## What the exercise asks
In the material below, find the span from the line with "エスコ EA824CT-5.2 5.2x130mm" to the line with "Honden foto's >" and transcribe only those lines, exactly, ends included, without the pictures.
─── Records provided ───
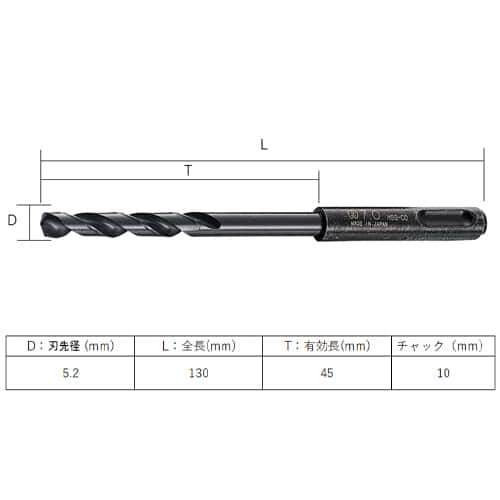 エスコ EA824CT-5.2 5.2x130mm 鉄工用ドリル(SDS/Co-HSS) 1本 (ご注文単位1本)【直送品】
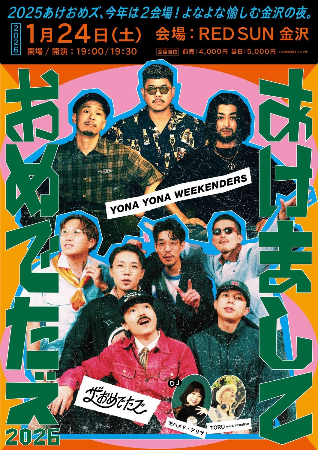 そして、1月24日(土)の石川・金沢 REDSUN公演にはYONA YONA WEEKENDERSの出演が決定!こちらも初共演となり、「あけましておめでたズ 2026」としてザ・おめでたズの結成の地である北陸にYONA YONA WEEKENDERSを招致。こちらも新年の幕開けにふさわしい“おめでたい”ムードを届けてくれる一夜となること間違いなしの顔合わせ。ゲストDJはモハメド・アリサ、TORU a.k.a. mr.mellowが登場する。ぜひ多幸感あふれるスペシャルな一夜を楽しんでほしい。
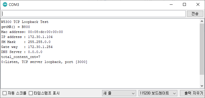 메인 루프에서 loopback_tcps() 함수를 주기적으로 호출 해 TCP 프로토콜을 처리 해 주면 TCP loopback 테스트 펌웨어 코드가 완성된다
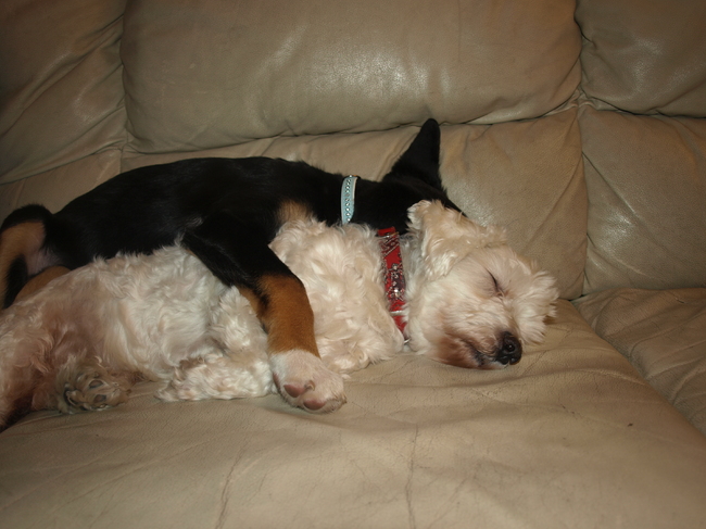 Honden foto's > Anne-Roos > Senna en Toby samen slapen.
───
─── Records provided ───
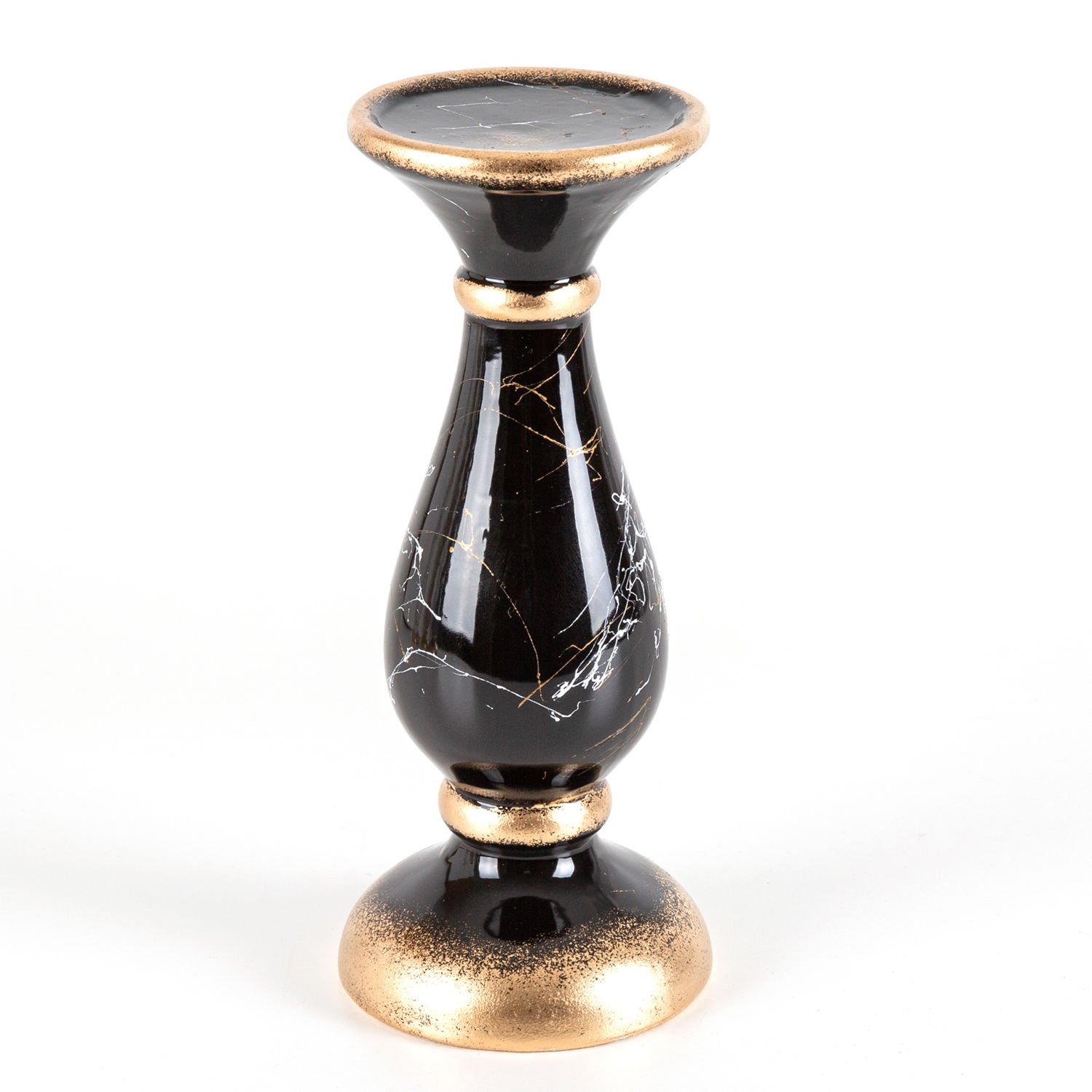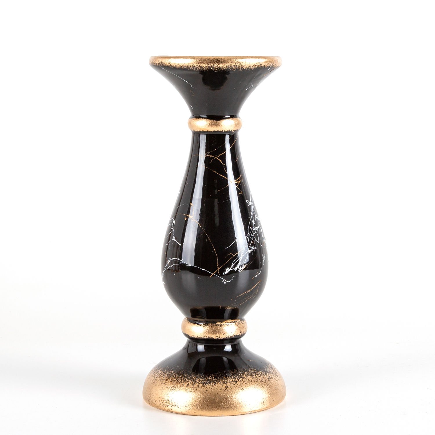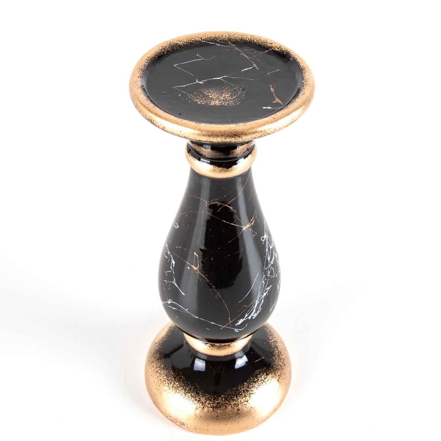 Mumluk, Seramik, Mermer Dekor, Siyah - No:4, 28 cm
───
## Result
 エスコ EA824CT-5.2 5.2x130mm 鉄工用ドリル(SDS/Co-HSS) 1本 (ご注文単位1本)【直送品】
 そして、1月24日(土)の石川・金沢 REDSUN公演にはYONA YONA WEEKENDERSの出演が決定!こちらも初共演となり、「あけましておめでたズ 2026」としてザ・おめでたズの結成の地である北陸にYONA YONA WEEKENDERSを招致。こちらも新年の幕開けにふさわしい“おめでたい”ムードを届けてくれる一夜となること間違いなしの顔合わせ。ゲストDJはモハメド・アリサ、TORU a.k.a. mr.mellowが登場する。ぜひ多幸感あふれるスペシャルな一夜を楽しんでほしい。
 메인 루프에서 loopback_tcps() 함수를 주기적으로 호출 해 TCP 프로토콜을 처리 해 주면 TCP loopback 테스트 펌웨어 코드가 완성된다
 Honden foto's > Anne-Roos > Senna en Toby samen slapen.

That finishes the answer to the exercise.